6. Relativistic charged particle in magnetic field: Assume that a relativistic particle of mass $m$ and charge $e$ is moving in a circle under the influence of the magnetic field $\mbox{\bf B} = (0,0,-B)$. The position of the particle as a function of time is given by $\mbox{\bf x} = [R \cos ( \omega t ) , R \sin ( \omega t ) , 0]$.
   1. Compute the (vector) velocity of the particle and show that its speed is $v = \omega R$.
   2. Compute the (relativistic) momentum (again in vector form) of the particle using the above results.
   3. Compute the magnetic force $\mbox{\bf F}$ on the particle.
   4. Using the relativistic version of Newton's second law, $\mbox{\bf F} = d \mbox{\bf p} /dt$, determine how the rotational frequency $\omega$ depends on the speed of the particle, the magnetic field $B$, and the particle's charge and mass.

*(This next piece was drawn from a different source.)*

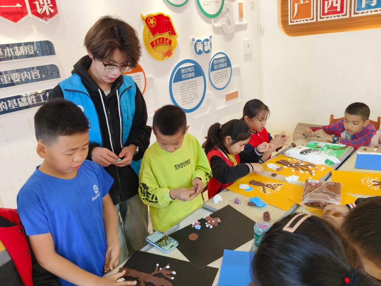 在赤东村,志愿者们开展了“巧手迎小雪,童心暖寒冬”创意手工活动。带着孩子们一起探索无限的创造力,让他们的想象力在这次课程中得到发展,展现出独特的艺术天赋。孩子们用粘土创造出了一幅幅属于自己的、独一无二的作品。

Examine particularly the limits where $v \ll c$ and $v \approx c$.
   5. Eliminate $\omega$ between the above result and the speed formula to get an equation for the radius $R$ of the circle. Show that this takes the particularly simple form $R = p/(eB)$ when written in terms of the magnitude of the momentum $p = m v \gamma$.
7. A $30 \mbox{ GeV}$ electron is scattered by a virtual photon through an angle of $60^{\circ}$ without changing its energy.
   1. Compute its momentum vector before and after the scattering.
   2. Compute the momentum transfer to the electron by the photon in the scattering event.
   3. Compute the wavelength of the virtual photon.
   4. What is the virtual photon's energy?
   5. What is the virtual photon's mass?
8. Find $\alpha$, $\beta$, and $\gamma$ such that $\hbar^{\alpha} c^{\beta} G^{\gamma}$ has the units of length. ($G$ is the universal gravitational constant.) Compute the numerical value of this length, which is called the Planck length. Compare this value to the resolution available today in the highest energy accelerators.